An apparent difference in the time series of vagally and non-vagally mediated HRV dynamics is their degree of smoothness, or conversely, their degree of fragmentation. Vagal tone modulation changes the heart rate in a progressive way. For example, with RSA, heart rate gradually increases and decreases with inspiration and expiration, respectively. When the coupling between heart rate and respiration is not as apparent, but the changes in heart rate are still driven by vagal tone modulation, the changes in heart rate are also gradual. In contrast, non-vagally mediated, short-term heart rate variability has a distinct dynamical signature, namely more frequent changes in heart rate acceleration sign (illustrated in FIGS. 1A-1D). In the “extreme” case of sinus alternans, the sign of heart rate acceleration changes every beat. See Binkley, P. F., Eaton, G. M., Nunziata, E., Khot, U., and Cody, R. J. (1995). Heart rate alternans. Ann Intern Med 122, 115-117 (herein “Binkely 1995”); Friedman, B. (1956). Alternation of cycle length in pulsus alternans. Am Heart J 51, 701-712. (herein “Friedman 1956”); Geiger, A. and Goerner, J. (1945). Premature beats of sinus origin: electrocardiographic demonstration of a clinical case. Am Heart J 30, 284-291 (herein “Geiger 1945”); Lewis, T. (1920). The mechanism and graphic registration of the heart beat (PB Hoeber) (herein “Lewis 1920”). The presence of these abnormal variants of sinus rhythm limits the utility of traditional HRV analysis, since an increase in the overall amount of short-term variability can no longer be solely attributed to enhanced vagal tone modulation.
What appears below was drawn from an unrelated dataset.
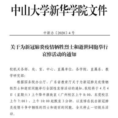 为表达全国各族人民对抗击新冠肺炎疫情斗争牺牲烈士和逝世同胞的深切哀悼,国务院决定于2020年4月4日举行全国性哀悼活动。中山大学新华学院高度重视,快速响应,第一时间发布《中山大学新华学院关于为新冠肺炎疫情牺牲烈士和逝世同胞举行哀悼活动的通知》,统筹部署全校师生举行哀悼仪式。

Domitrovich et al. 2002 and Stein 2002 coined the term “erratic sinus rhythm” to refer to prominent but apparently random variations in sinus cadence not attributable to vagal tone modulation and proposed a semi-quantitative approach to help identify them. See Domitrovich, P. P. and Stein, P. K. (2002). A new method to detect erratic sinus rhythm in RR-interval files generated from Holter recordings. Comput Cardiol 26, 665-668 (herein “Domitrovich 2002”); Stein, P. K. (2002). Heart rate variability is confounded by the presence of erratic sinus rhythm. Comput Cardiol 26, 669-672, (herein “Stein 2002”); Stein, P. K., Domitrovich, P. P., Hui, N., Rautaharju, P., and Gottdiener, J. (2005). Sometimes higher heart rate variability is not better heart rate variability: results of graphical and nonlinear analyses. J Cardiovasc Electrophysiol 16, 954-959 (herein “Stein 2005”); Stein, P. K., Le, Q., and Domitrovich, P. P. (2008). Development of more erratic heart rate patterns is associated with mortality post-myocardial infarction. J Electrocardiol 41, 110-115 (herein “Stein 2008”). However, despite their association with increased cardiovascular risk and sick sinus syndrome, erratic sinus rhythm, sinus alternans, and their variants, have received scant clinical attention and the underlying mechanisms remain obscure. See Bergfeldt, L. and Haga, Y. (2003). Power spectral and Poincaré plot characteristics in sinus node dysfunction. J Appl Physiol 94, 2217-2224 (herein “Bergfeldt 2003”).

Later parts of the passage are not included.